Elysium
As a huge fan of what I’d refer to as “near-future soft sci-fi and/or horror*,” I was really looking forward to seeing Elysium. Give me some dystopian future where people are fighting THE MAN and I’m a pretty happy camper. So I was wildly disappointed when this film ended up being a weird ham-handed mash-up of better-than-you-might-suspect In Time and pretty appropriately critically-acclaimed WALL-E.
A hundred or so years from now, the earth is essentially a big trash bin and all of its wealthy residents live on a stunningly gorgeous paradise of a space station called “Elysium.” How big the space station is and how many people it can accommodate we never learn. (I kinda wanted to know as this is movie unsubtly tackles the issue of immigration.) Max, an unlucky Earth-dweller, sustains a lethal dose of radiation at his crap job and tries to hitch an illegal ride to Elysium so he can get access to a Medi-Pod, a miraculous device that instantly cures you of any ailment (up to and including having your face shot off by a hand grenade).

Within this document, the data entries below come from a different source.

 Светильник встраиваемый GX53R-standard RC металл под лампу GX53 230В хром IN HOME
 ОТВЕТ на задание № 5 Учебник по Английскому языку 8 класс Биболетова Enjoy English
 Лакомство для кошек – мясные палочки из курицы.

This journey basically turns into an hour-long fight scene between Max, various robots and a largely unintelligible Sharlto Copley playing what I can only imagine was supposed to be a mentally-challenged, psychotic mercenary.

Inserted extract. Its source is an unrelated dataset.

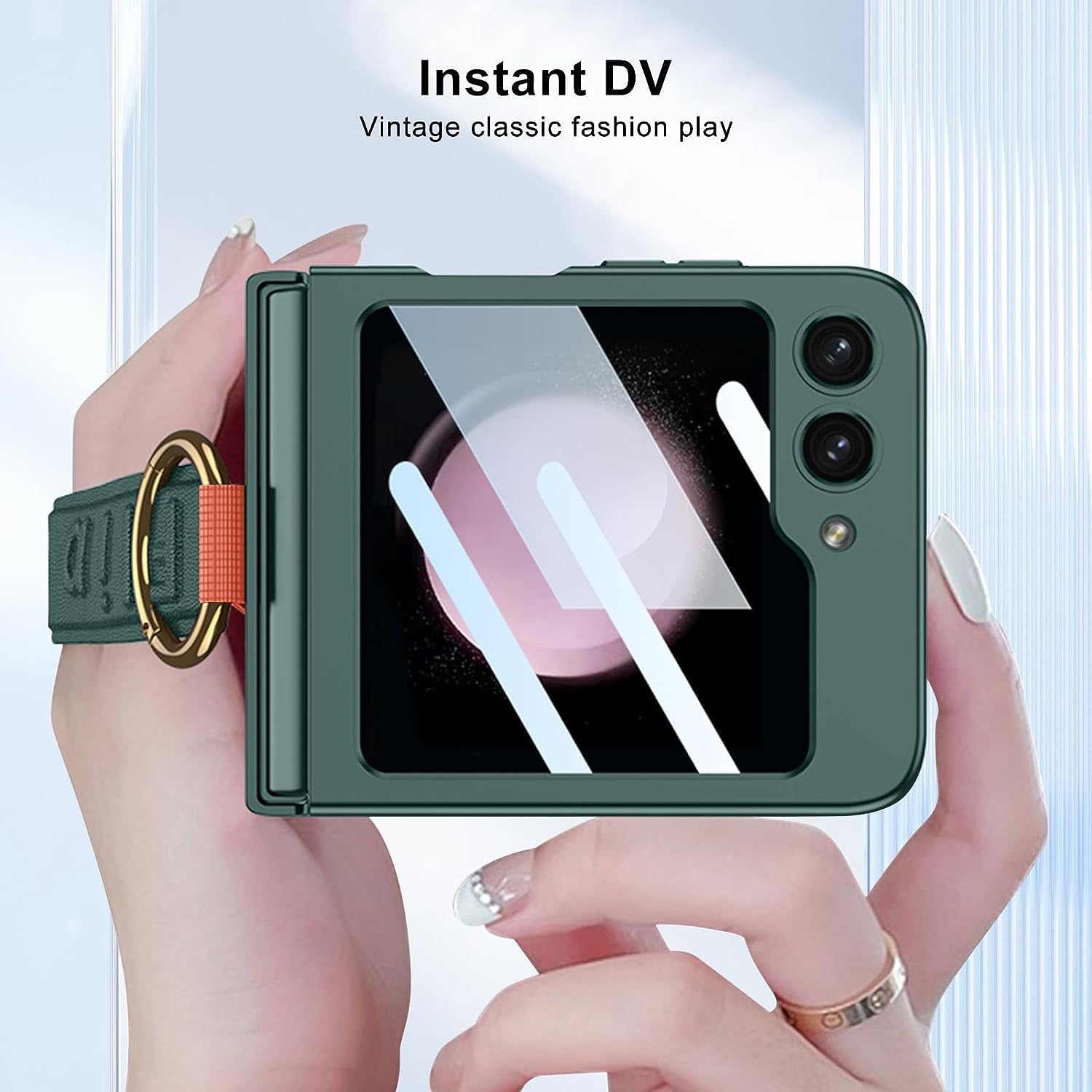 **【Premium Material】The for Samsung Z Flip 5 case is made from premium matte hard PC material, leather wrist strap, metal ring holder kickstand and with tempered glass back screen protector. It has matte appearance and comfortable hand touch feeling. Mobizang case for Galaxy Z flip 5 protect your phone thoroughly.

The movie suffers from what I call “Avatar Syndrome.” That is, it took an infinitely interesting premise (how issues of class division and immigration could play out on a large scale in an era of devastation and technology beyond our wildest dreams…with the amazing sci-fi backdrop of Elysium and Earth) and instead of building on that premise it reverted to what was essentially a formulaic war film.

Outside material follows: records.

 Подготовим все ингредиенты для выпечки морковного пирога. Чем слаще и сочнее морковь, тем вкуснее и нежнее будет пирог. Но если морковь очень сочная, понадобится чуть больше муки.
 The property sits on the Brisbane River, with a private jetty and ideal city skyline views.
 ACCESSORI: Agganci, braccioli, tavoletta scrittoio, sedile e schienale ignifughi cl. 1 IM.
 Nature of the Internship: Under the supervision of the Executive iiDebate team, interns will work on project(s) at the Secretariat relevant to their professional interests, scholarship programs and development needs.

I wanted to know why–with such amazing ubiquitous and readily available technology–Earth came to be such a hellscape. Were the residents of Elysium that sociopathic? Did they not think they’d eventually need to save Earth (if only to mine its resources)? I mean, Earth was such a shithole, I’m honestly surprised everyone didn’t commit suicide en masse. And nobody–on Earth or on Elysium– seemed to be making any effort class up the joint, which seemed extraordinarily unrealistic to me. I really wanted more insight into what was driving everybody, what was driving the sociopathy of Elysium and the apathy of Earth. Instead I got interminable fight scenes. How disappointing.
*See: “The Hunger Games,” “In Time,” “Daybreakers,” “Priest,” etc.
UPDATE QUESTION: What was up with Jodie Foster? Was she attempting to do some sort of accent or was she having a very long, drawn-out stroke?